▸ **Directions for this task**
Identify the line with "Se obtiene una"; copy word for word that line and every one after it, to the end of the listing. Exclude pictures.

▸ **Record excerpts**
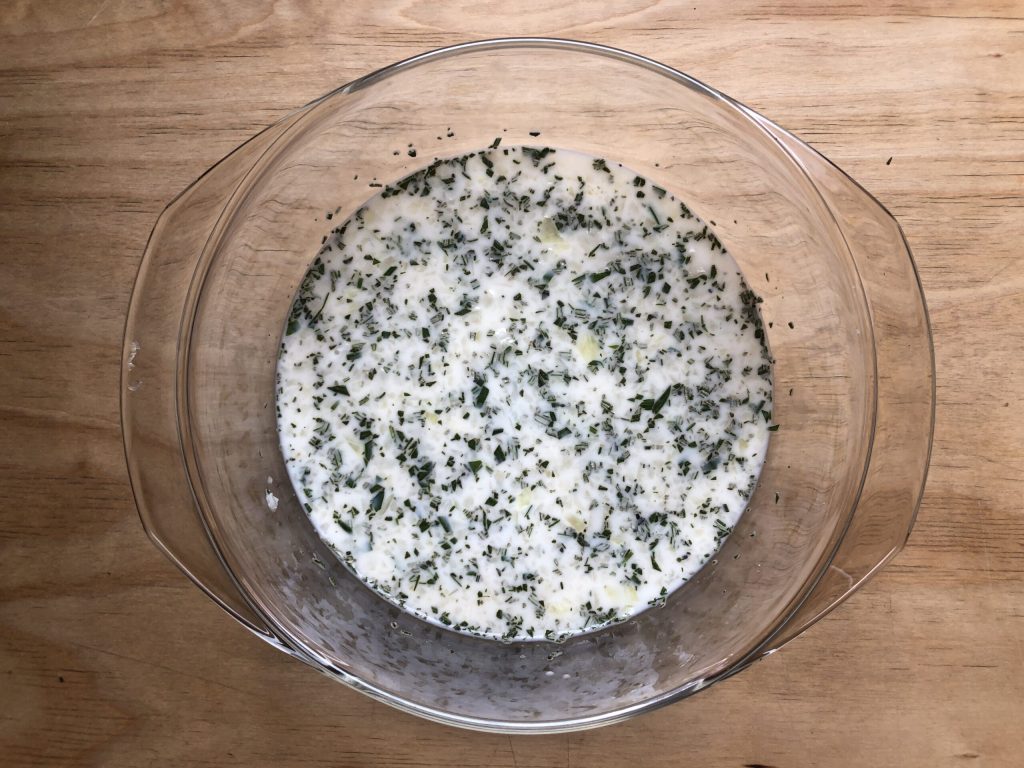 • Despeje o leite em uma tigela e tempere com algumas pitadas de sal e uma generosa quantidade de pimenta preta. Descasque o alho e a cebola e pique-os finamente junto com as folhas de um ramo de alecrim e as folhas de um punhado de salsinha. Em seguida, adicione essa mistura ao leite.
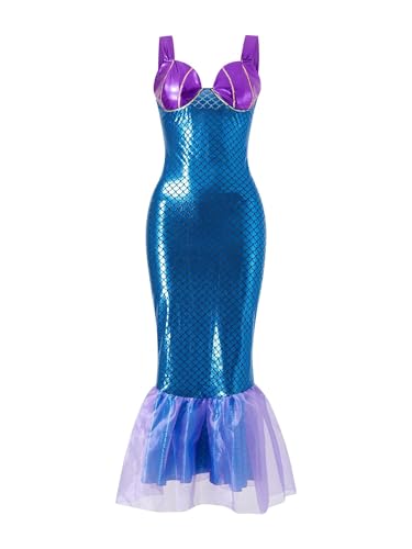 UPPJPBSW Halloween Mermaid Costume, Women's Role-playing Mermaid Dress, Long Skirt Sequin Party Outfit(A-blue Purple,L)
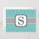 Teal White Monogram Letter S Chevron Postcard
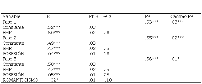 Se obtiene una correlación directa y positiva (aunque reducida) entre el romanticismo y el maltrato agente (r=.19, p<.01), mientras que en el análisis de regresión es un predictor significativo (junto a Posesión y el maltrato receptor) con valor Beta negativo (-.10) de la ejecución del maltrato. Debido a la ambivalencia y la reducida magnitud de los resultados, se requiere más investigación ulterior para poder dar entidad y una explicación rigurosa a estos datos. Es imperativo señalar que el predictor principal del maltrato agente es, con diferencia, el maltrato receptor, con un valor Beta positivo muy elevado, lo cual denota la fuerte relación entre recibir y ejercer maltrato en nuestra muestra de estudio.
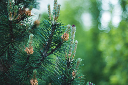 Closeup photo of green needle pine tree. Blurred pine needles in background. Daylight.

▸ **Result for this task**
 Se obtiene una correlación directa y positiva (aunque reducida) entre el romanticismo y el maltrato agente (r=.19, p<.01), mientras que en el análisis de regresión es un predictor significativo (junto a Posesión y el maltrato receptor) con valor Beta negativo (-.10) de la ejecución del maltrato. Debido a la ambivalencia y la reducida magnitud de los resultados, se requiere más investigación ulterior para poder dar entidad y una explicación rigurosa a estos datos. Es imperativo señalar que el predictor principal del maltrato agente es, con diferencia, el maltrato receptor, con un valor Beta positivo muy elevado, lo cual denota la fuerte relación entre recibir y ejercer maltrato en nuestra muestra de estudio.
 Closeup photo of green needle pine tree. Blurred pine needles in background. Daylight.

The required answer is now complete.